* [About this task] Write out exactly, and only, the lines below from the line with "源自大屯山系竹子山脈的八連溪" through the line with "大町4丁目から5丁目に向かっ"; pictures do not belong in the copy.

Information supplied section start

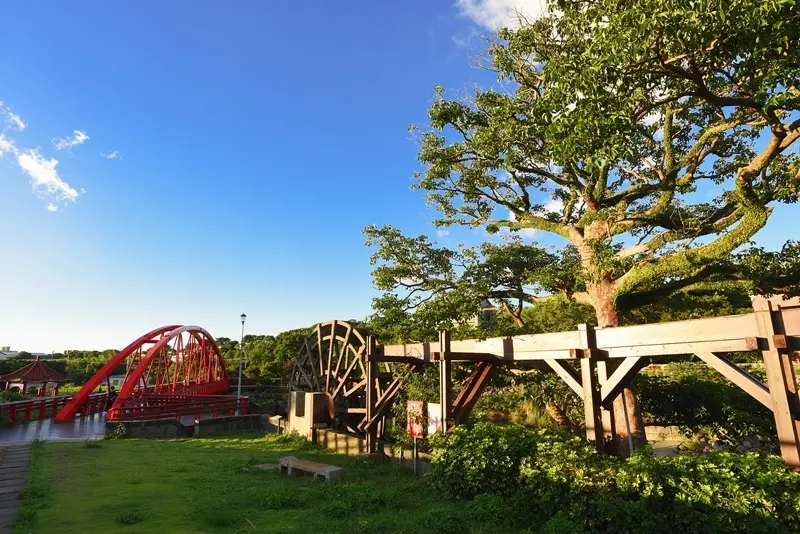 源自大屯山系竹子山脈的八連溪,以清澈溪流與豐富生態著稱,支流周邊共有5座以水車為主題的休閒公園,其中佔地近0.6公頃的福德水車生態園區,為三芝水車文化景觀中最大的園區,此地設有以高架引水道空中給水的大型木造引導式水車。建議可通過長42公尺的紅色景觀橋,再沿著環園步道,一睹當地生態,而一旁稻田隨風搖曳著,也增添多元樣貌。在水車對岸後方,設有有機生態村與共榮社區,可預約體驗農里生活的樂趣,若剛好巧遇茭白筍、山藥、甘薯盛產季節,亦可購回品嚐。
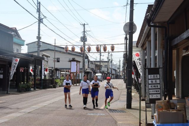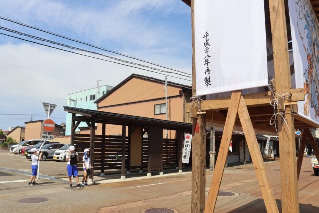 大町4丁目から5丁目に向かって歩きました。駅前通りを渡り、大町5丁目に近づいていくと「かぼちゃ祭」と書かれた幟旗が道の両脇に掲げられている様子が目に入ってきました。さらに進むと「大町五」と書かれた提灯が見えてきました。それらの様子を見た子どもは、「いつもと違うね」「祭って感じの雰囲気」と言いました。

Information supplied section end
Information supplied section start

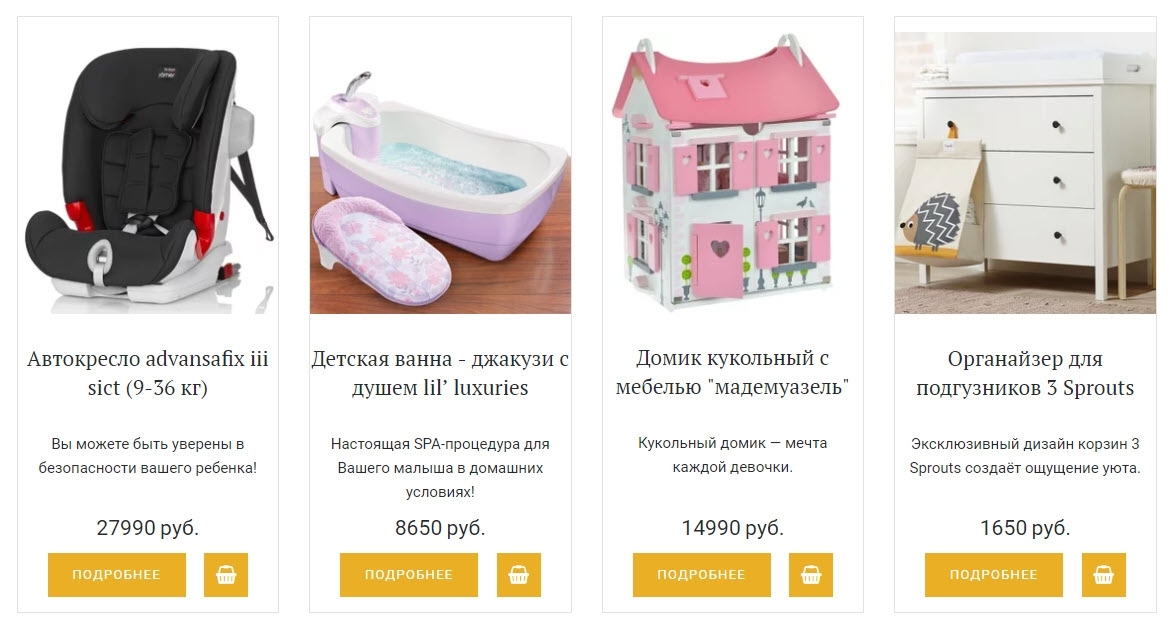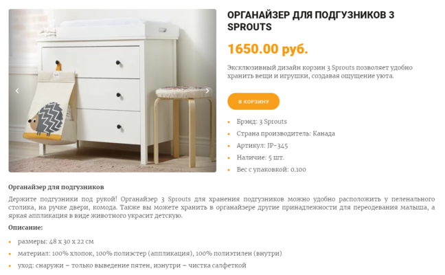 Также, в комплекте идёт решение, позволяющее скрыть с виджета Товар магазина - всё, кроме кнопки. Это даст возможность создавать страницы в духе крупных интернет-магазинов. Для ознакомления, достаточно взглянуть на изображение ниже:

Information supplied section end
Information supplied section start

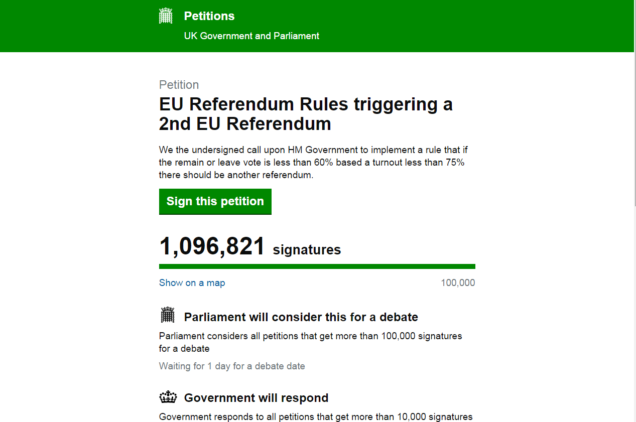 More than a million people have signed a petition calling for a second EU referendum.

Information supplied section end

* [Your solution]
 源自大屯山系竹子山脈的八連溪,以清澈溪流與豐富生態著稱,支流周邊共有5座以水車為主題的休閒公園,其中佔地近0.6公頃的福德水車生態園區,為三芝水車文化景觀中最大的園區,此地設有以高架引水道空中給水的大型木造引導式水車。建議可通過長42公尺的紅色景觀橋,再沿著環園步道,一睹當地生態,而一旁稻田隨風搖曳著,也增添多元樣貌。在水車對岸後方,設有有機生態村與共榮社區,可預約體驗農里生活的樂趣,若剛好巧遇茭白筍、山藥、甘薯盛產季節,亦可購回品嚐。
 大町4丁目から5丁目に向かって歩きました。駅前通りを渡り、大町5丁目に近づいていくと「かぼちゃ祭」と書かれた幟旗が道の両脇に掲げられている様子が目に入ってきました。さらに進むと「大町五」と書かれた提灯が見えてきました。それらの様子を見た子どもは、「いつもと違うね」「祭って感じの雰囲気」と言いました。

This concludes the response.